» **Exercise**
Omit every picture while you reproduce the entries that follow word for word.

Data shown START

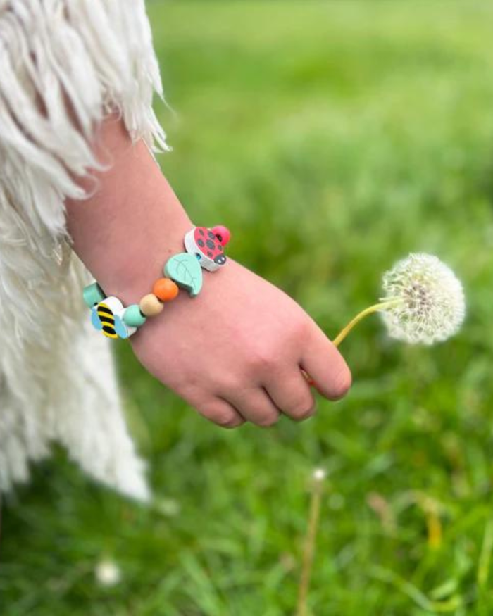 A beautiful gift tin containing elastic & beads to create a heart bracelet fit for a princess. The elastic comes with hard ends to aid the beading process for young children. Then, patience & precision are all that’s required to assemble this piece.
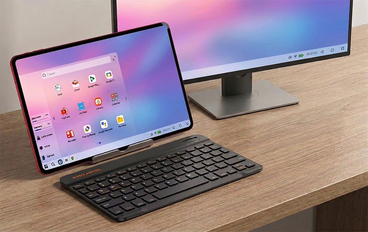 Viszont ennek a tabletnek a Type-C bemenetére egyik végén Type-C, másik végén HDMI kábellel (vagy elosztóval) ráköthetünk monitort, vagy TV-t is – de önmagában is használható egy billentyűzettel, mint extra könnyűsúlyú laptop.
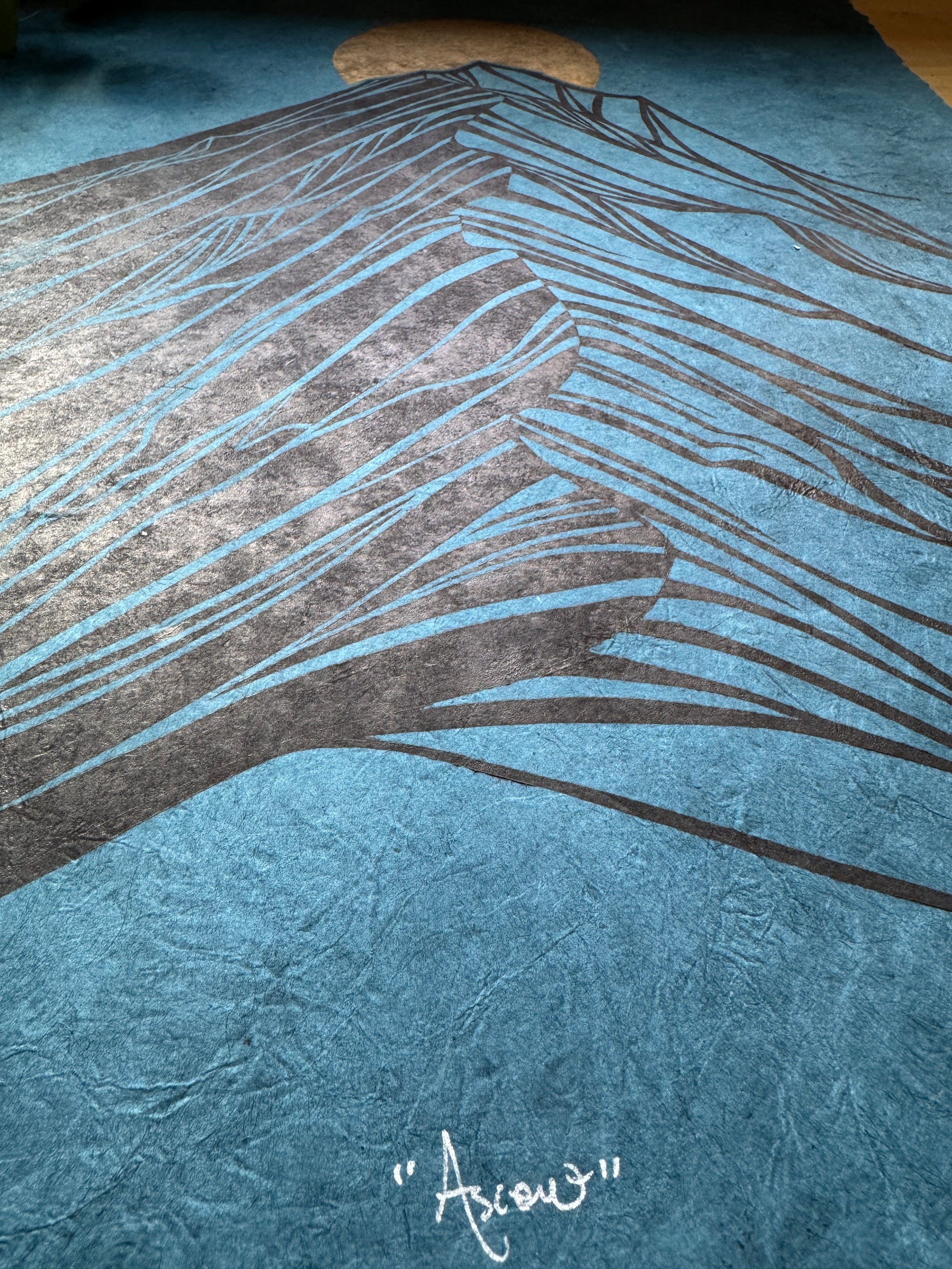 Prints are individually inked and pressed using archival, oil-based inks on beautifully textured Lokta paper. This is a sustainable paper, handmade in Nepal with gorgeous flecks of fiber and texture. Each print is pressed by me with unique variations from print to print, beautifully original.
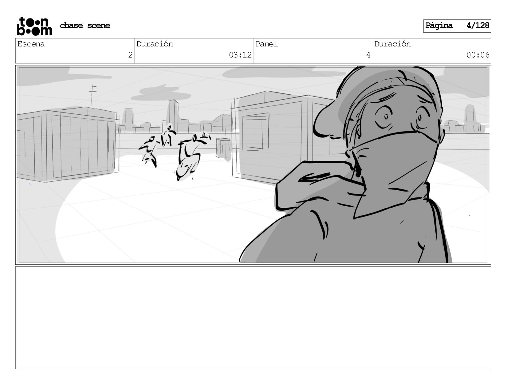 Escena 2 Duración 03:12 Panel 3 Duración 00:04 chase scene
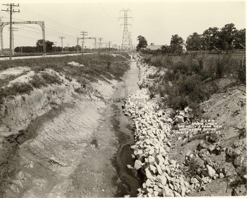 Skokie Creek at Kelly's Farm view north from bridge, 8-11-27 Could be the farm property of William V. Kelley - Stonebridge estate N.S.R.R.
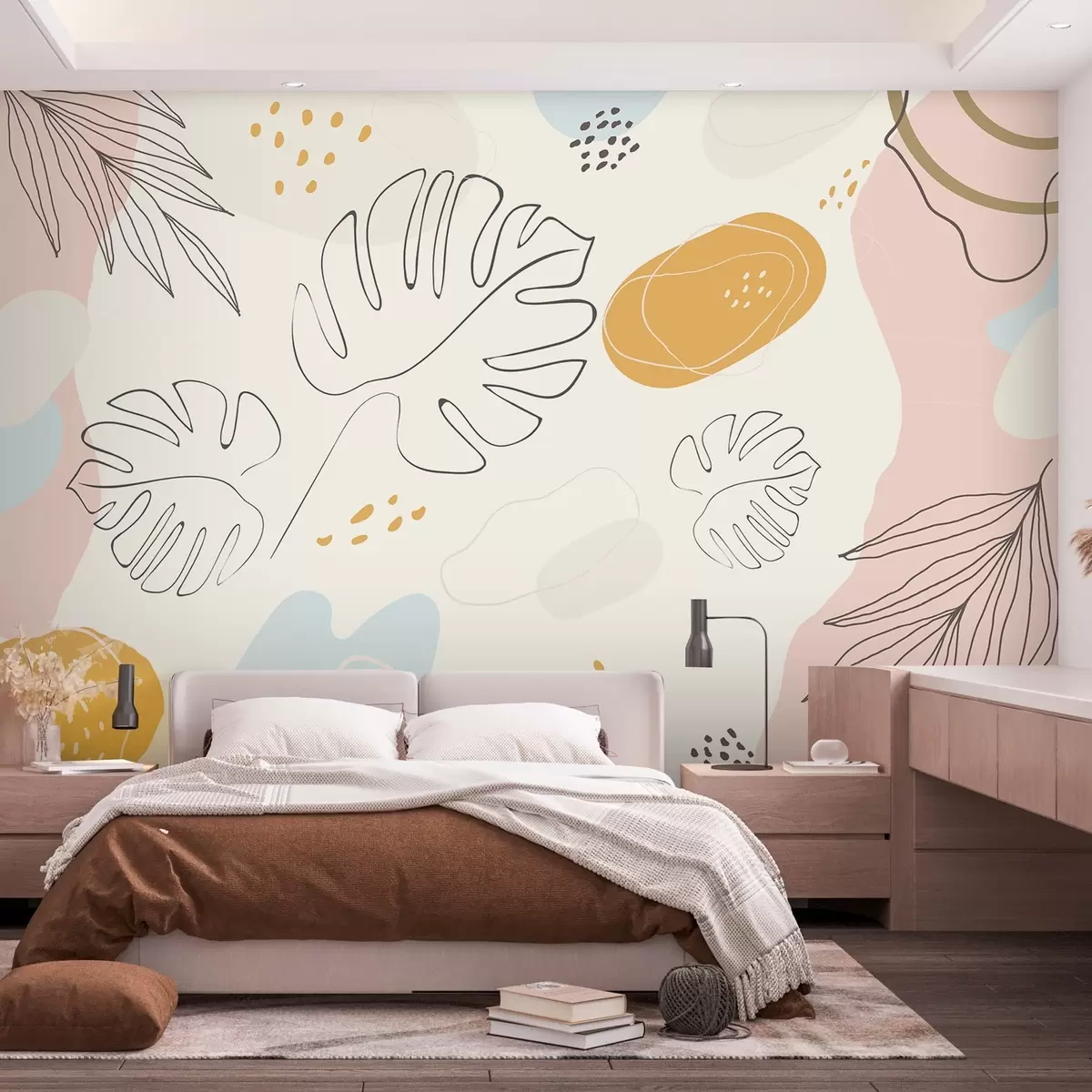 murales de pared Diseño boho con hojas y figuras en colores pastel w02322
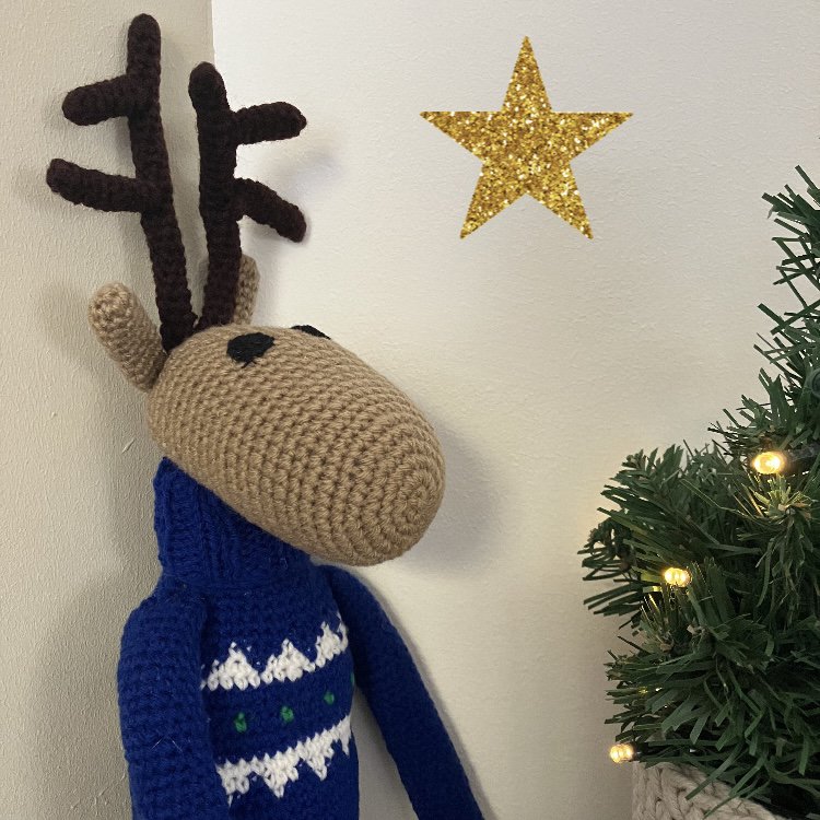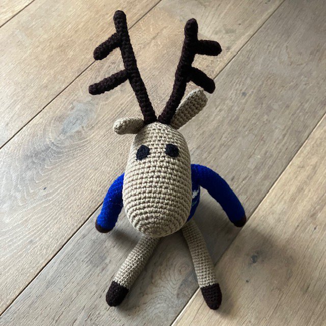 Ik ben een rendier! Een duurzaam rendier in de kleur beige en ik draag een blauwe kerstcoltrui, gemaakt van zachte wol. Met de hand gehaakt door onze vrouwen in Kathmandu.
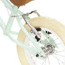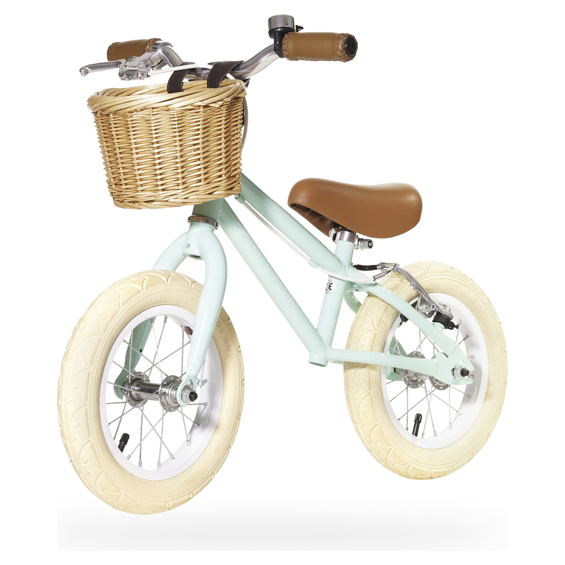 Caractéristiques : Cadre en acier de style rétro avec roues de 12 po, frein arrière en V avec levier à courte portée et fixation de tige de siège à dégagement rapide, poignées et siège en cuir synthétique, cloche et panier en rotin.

Data shown END

» **The answer**
 A beautiful gift tin containing elastic & beads to create a heart bracelet fit for a princess. The elastic comes with hard ends to aid the beading process for young children. Then, patience & precision are all that’s required to assemble this piece.
 Viszont ennek a tabletnek a Type-C bemenetére egyik végén Type-C, másik végén HDMI kábellel (vagy elosztóval) ráköthetünk monitort, vagy TV-t is – de önmagában is használható egy billentyűzettel, mint extra könnyűsúlyú laptop.
 Prints are individually inked and pressed using archival, oil-based inks on beautifully textured Lokta paper. This is a sustainable paper, handmade in Nepal with gorgeous flecks of fiber and texture. Each print is pressed by me with unique variations from print to print, beautifully original.
 Escena 2 Duración 03:12 Panel 3 Duración 00:04 chase scene
 Skokie Creek at Kelly's Farm view north from bridge, 8-11-27 Could be the farm property of William V. Kelley - Stonebridge estate N.S.R.R.
 murales de pared Diseño boho con hojas y figuras en colores pastel w02322
 Ik ben een rendier! Een duurzaam rendier in de kleur beige en ik draag een blauwe kerstcoltrui, gemaakt van zachte wol. Met de hand gehaakt door onze vrouwen in Kathmandu.
 Caractéristiques : Cadre en acier de style rétro avec roues de 12 po, frein arrière en V avec levier à courte portée et fixation de tige de siège à dégagement rapide, poignées et siège en cuir synthétique, cloche et panier en rotin.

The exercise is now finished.